Working at the UK’s Intellectual Property Office (IPO), a patent examiner decides whether applications for patents can be granted.
See also our entries about trade mark examiners and formalities examiners.
Last Updated: November 1, 2024
Working at the UK’s Intellectual Property Office (IPO), a patent examiner decides whether an application for a patent can be granted. To do this they need to hunt through databases to check for “prior art” (evidence that somebody else came up with the same idea first) and work out whether the application describes a genuinely new and “inventive” (ie not obvious) concept.
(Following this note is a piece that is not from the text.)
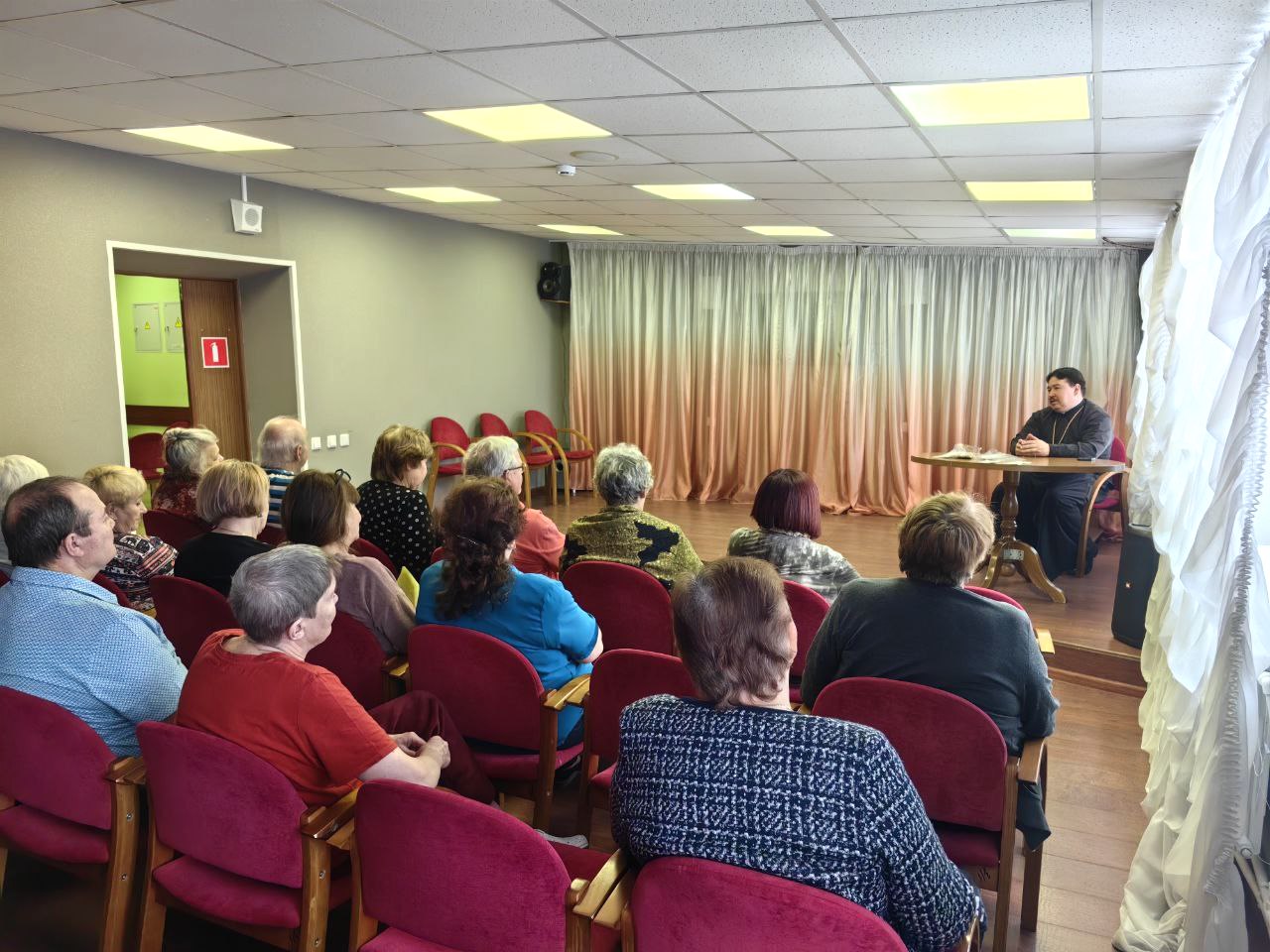 27 января в отделении «Социально-оздоровительный центр» комплексном центре социального обслуживания и реабилитации «Коломенский» ответственный в Озёрском благочинии по церковной благотворительности и социальному служению иерей Арсений Писаревский провел встречу с получателями социальных услуг.

If so, they must check that it meets the other legal requirements for being awarded a patent.
Experienced examiners also manage and train their more junior colleagues and sometimes you might get involved in project works with companies or even conduct formal hearings if examiner decisions are challenged.
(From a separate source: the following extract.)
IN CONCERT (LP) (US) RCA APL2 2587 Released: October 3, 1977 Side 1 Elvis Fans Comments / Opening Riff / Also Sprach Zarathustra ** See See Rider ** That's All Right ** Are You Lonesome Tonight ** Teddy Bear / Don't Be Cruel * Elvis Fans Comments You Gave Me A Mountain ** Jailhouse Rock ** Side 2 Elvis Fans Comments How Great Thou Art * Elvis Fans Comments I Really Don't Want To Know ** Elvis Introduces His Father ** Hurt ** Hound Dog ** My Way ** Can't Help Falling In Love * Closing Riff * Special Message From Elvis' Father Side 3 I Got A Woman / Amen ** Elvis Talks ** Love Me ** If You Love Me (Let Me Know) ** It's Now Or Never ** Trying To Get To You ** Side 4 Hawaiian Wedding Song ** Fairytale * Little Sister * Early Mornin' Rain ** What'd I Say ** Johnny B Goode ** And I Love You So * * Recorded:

Patent examiners work at the Intellectual Property Office, which is the government department that officially recognises patents and other intellectual property in the UK.
A good technical understanding is essential in order to be able to analyse patents, patent applications and “prior art” quickly. You’ll also need strong communication skills, so you can present your arguments – both technical and legal – to different audiences who may not have the same technical understanding as you.
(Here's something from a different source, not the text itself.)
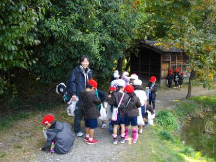 子どもたちが、いきいきと夢中になって、どんぐりや落ち葉を集めています。

To apply, you’ll have to have a degree in a science, technology or engineering subject or in maths – and you’ll have to get a good grade too. Your degree subject can be quite specialised (so long as it’s a field where lots of people want patents).
When you start the job, you spend the first couple of months doing a classroom-based training programme. After that, the training is on the job, with one-to-one supervision from an experienced examiner. For the first two years, the ongoing programme of training continues, and even after that you need to keep improving your skills and staying up to date with patent law and technical developments. The career path to becoming a senior patent examiner is clearly structured and involves regular legal, technical and wider skills training.
Helping people get their ideas protected gives quite a buzz and it involves being at the cutting edge of developments in your field.
When a new patent application lands on your desk, you need to get your head around it fast, understanding it well enough to judge its innovation level and reviewing relevant scientific literature. That would be challenge enough, but the technology and law are constantly changing, so even when you’re trained, you can’t stop learning and adapting.
It can sometimes be hard delivering bad news to an applicant about whether, and with what scope, their patent can be granted – especially if they disagree with you!
The Civil Service Jobs website lists vacancies as they crop up, but the IPO also runs an annual recruitment cycle which starts in early September: check the IPO website for details.